**Work instructions**
Look through the entries below and extract exactly the lines from the one containing "وفي حديث علي" through the one containing "Stare emaliowane naczynia, w", ends included.

**Records to use**
===

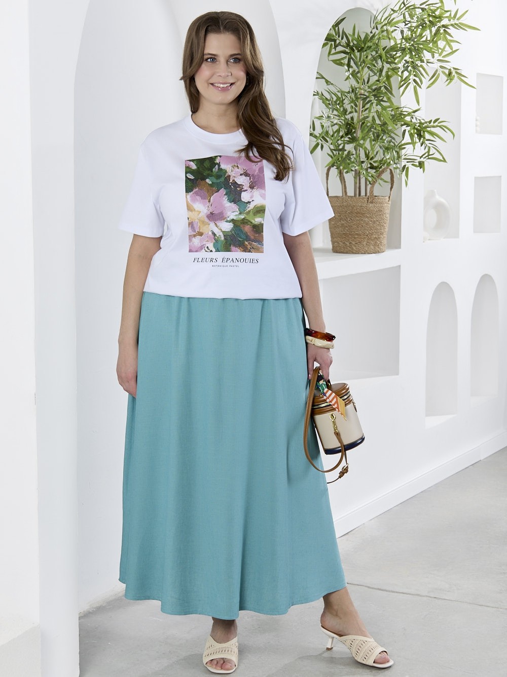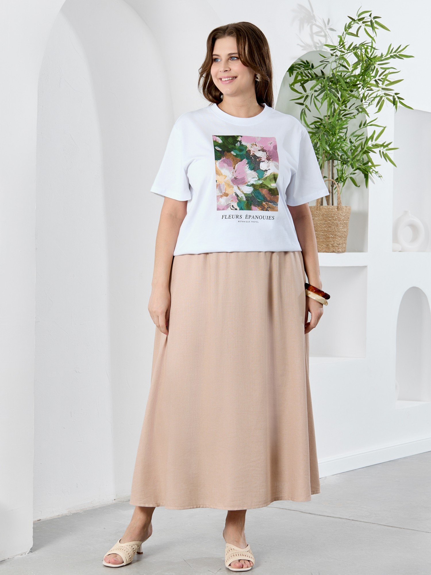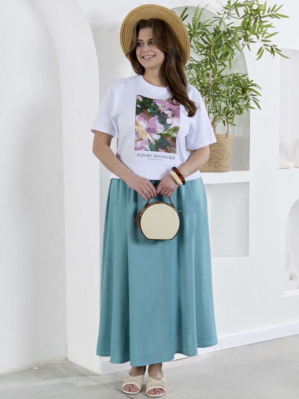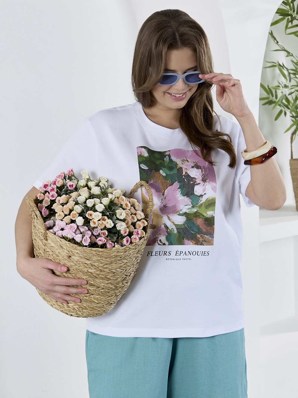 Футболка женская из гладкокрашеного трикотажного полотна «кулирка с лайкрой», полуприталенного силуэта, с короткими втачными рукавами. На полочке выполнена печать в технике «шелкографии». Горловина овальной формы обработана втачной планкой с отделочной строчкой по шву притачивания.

===

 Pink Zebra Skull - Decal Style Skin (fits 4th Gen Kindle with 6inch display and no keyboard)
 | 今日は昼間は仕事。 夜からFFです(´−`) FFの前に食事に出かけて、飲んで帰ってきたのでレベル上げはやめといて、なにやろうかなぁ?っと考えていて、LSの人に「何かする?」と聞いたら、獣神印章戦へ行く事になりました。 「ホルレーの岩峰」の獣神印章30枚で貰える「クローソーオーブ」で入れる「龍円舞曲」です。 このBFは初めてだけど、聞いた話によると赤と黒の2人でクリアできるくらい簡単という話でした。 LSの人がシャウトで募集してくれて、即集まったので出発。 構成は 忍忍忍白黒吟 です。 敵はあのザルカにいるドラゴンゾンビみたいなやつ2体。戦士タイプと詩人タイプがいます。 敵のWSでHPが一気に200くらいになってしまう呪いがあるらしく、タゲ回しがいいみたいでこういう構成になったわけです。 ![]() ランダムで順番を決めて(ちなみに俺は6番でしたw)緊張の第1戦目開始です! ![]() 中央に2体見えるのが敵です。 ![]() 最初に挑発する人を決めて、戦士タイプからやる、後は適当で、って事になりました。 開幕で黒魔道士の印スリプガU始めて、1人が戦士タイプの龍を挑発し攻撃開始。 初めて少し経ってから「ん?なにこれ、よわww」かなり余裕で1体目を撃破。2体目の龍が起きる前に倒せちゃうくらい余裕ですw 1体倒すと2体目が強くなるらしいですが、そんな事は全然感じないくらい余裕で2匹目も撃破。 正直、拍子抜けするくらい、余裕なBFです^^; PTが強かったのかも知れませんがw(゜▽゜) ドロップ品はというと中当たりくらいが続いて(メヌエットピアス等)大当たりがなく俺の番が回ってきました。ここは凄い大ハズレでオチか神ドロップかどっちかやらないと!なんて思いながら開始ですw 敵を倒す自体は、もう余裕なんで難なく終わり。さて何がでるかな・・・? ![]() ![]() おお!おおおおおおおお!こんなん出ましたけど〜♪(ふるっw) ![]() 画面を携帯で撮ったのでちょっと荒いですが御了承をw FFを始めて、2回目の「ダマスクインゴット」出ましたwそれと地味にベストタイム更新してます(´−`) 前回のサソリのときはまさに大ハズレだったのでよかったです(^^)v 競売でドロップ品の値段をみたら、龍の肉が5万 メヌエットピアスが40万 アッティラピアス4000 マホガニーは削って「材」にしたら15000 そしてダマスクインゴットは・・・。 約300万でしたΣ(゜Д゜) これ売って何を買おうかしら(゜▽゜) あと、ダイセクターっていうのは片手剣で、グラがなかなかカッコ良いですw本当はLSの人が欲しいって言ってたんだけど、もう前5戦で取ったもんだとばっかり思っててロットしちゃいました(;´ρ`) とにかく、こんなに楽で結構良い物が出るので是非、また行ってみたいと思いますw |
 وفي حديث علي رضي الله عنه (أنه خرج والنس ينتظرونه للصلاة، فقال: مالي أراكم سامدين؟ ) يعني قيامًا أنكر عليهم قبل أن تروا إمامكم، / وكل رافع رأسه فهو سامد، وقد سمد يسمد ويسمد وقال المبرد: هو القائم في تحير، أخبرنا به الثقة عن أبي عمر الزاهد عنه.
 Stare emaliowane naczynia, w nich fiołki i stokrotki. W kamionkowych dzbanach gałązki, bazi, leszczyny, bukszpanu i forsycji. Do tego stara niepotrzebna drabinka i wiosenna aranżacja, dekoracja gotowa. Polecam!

===

**Output**
 وفي حديث علي رضي الله عنه (أنه خرج والنس ينتظرونه للصلاة، فقال: مالي أراكم سامدين؟ ) يعني قيامًا أنكر عليهم قبل أن تروا إمامكم، / وكل رافع رأسه فهو سامد، وقد سمد يسمد ويسمد وقال المبرد: هو القائم في تحير، أخبرنا به الثقة عن أبي عمر الزاهد عنه.
 Stare emaliowane naczynia, w nich fiołki i stokrotki. W kamionkowych dzbanach gałązki, bazi, leszczyny, bukszpanu i forsycji. Do tego stara niepotrzebna drabinka i wiosenna aranżacja, dekoracja gotowa. Polecam!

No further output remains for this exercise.